Incrementing a pointer past the end of an array doesn’t
cause errors.
-
There is no unexpected padding in structures consisting of
pointers and pointer-sized integers, and types other than
double don’t have stricter alignment requirements than
a pointer.
-
Pointers have at least 32 bits. While it would be easy to
lift this restriction, as it deals only with making integer
literals and with the default stack and heap sizes, Kokogut
libraries would not fit on a 16-bit platform anyway, the
generated code is too large.
-
Sometimes an object is accessed using a different type
than it was created with. This mostly deals with pointer
types and with structs having a similar layout. I believe
this happens only in places where it does not make harm in
practice to apply C99’s type-based aliasing rules
(option -fstrict-aliasing in GCC, turned on by default).
-
Limits of the C compiler regarding issues like the number of
significant characters in identifiers, the level of nesting of
blocks, the number of external definitions in a translation
unit etc. may affect the limits of Kogut code. Kokogut
doesn’t impose artificial limits itself but it can
inherit them from the C compiler used.
-
The generated code uses the GMP library for
big integers so it must be available for the target
platform. It’s assumed that GMP limbs have the same
size as pointers and that values of type
mpz_t
may be moved (not copied) using memcpy.
Kogut and kokogut history
There is no definite starting time point of developing Kogut. Its
first incarnation, an interpreter in Haskell, was written in
August 2001. It was much different from Kogut though.

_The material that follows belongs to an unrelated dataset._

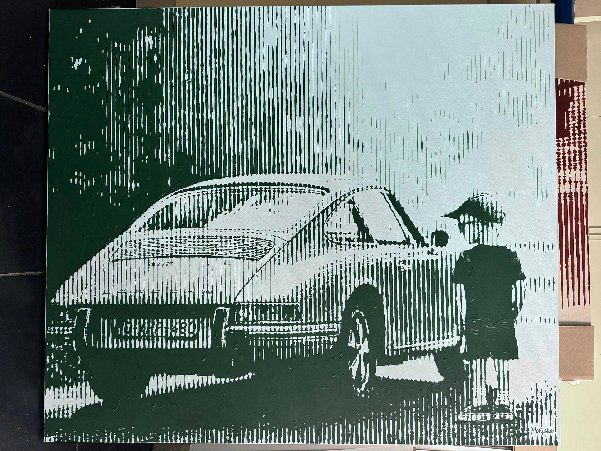 Deze levensvisie weerspiegelt zich duidelijk in haar werk. Montana confronteert haar eigen perfectionisme: ze gebruikt nooit een liniaal of hulpmiddelen om lijnen recht te trekken. Ze omarmt bewust dat niet elke lijn exact recht zal zijn. Dit geeft haar werk een uniek karakter en benadrukt dat het volledig met de hand geschilderd is. Wie dichterbij komt, ontdekt bovendien talloze subtiele kleurvariaties tussen de lijnen.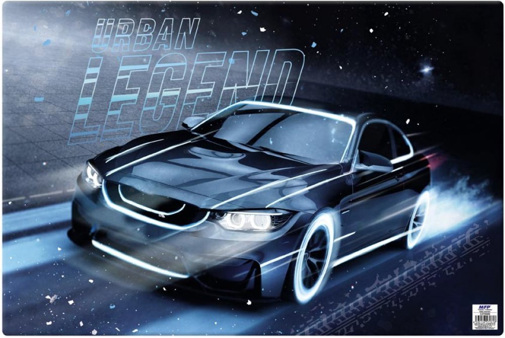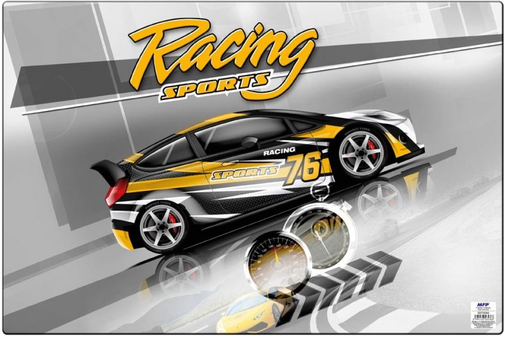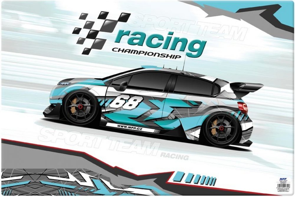 Psací podložka na stůl s obrázkem auta. Slouží jako podklad pod kreslení, modelování a jiné tvůrčí činnosti. Chrání nábytek proti poškození a je praktickým pomocníkem školáka.

The second incarnation, a compiler in Haskell which generates
OCaml code, was written in November 2001 and touched in June
2002.
The third incarnation, an interpreter in OCaml, was abandoned
in Sempember 2002. Parts of it were reused in the fourth
incarnation, another interpreter in OCaml. This interpreter
started working in January 2003 and was used to bootstrap
further implementations written in Kogut. It was being tweaked
during 2003 to follow small changes in the language, and now
implements mostly a subset of Kogut.
The fourth implementation, a compiler in Kogut which generates
C code, was abandoned at the beginning of November 2003. Large
parts of it were reused in the fifth incarnation, which started
on November 2, 2003 and is the current Kokogut.
On January 12, 2004 Kokogut started producing executable
programs. The compiler was mostly finished then, but the library
was nearly non-existent.
On March 13, 2004 Kokogut was able to compile itself for the
first time. Later effort concentrated on improving the libraries
and the building system.
Since May 26, 2004 Kokogut is hosted on SourceForge.